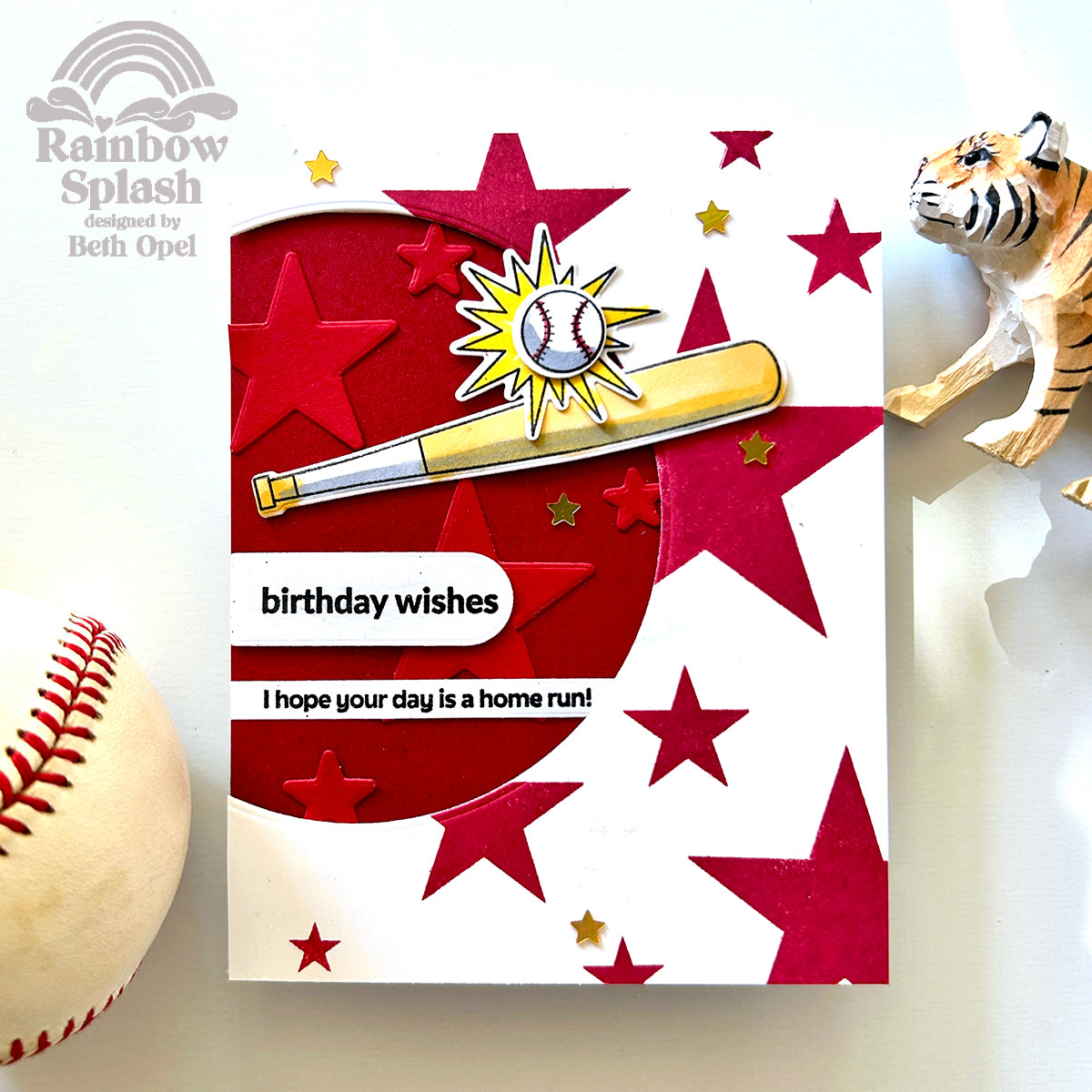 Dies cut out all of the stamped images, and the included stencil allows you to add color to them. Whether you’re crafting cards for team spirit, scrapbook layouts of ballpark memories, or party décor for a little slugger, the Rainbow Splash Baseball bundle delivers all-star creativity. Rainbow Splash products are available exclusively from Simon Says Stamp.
--
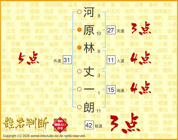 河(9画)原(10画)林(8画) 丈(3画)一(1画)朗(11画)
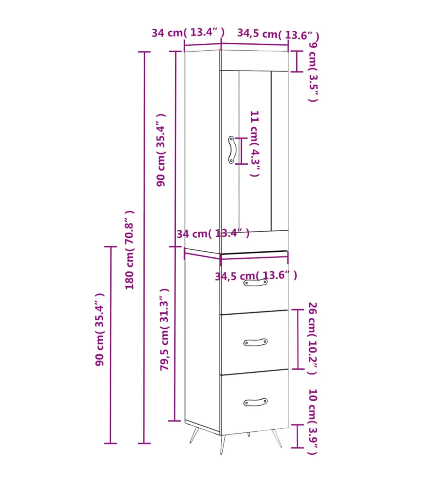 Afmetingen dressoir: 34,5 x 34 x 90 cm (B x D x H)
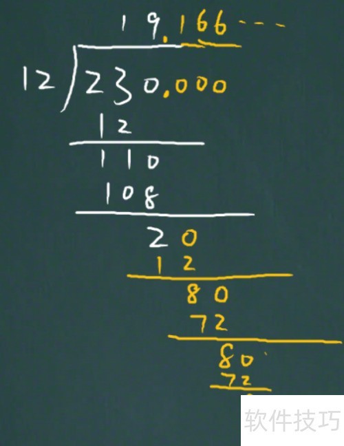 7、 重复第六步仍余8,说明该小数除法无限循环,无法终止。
--
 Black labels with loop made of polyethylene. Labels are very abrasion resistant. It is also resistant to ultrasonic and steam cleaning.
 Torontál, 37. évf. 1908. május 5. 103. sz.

**Activity**.
A word-for-word reproduction is needed of the lines above from the line containing "河(9画)原(10画)林(8画) 丈(3画)一(1画)朗(11画)" through the line containing "7、 重复第六步仍余8,说明该小数除法无限循环,无法终止。", with both ends kept and no pictures.

**Response to this exercise**.
 河(9画)原(10画)林(8画) 丈(3画)一(1画)朗(11画)
 Afmetingen dressoir: 34,5 x 34 x 90 cm (B x D x H)
 7、 重复第六步仍余8,说明该小数除法无限循环,无法终止。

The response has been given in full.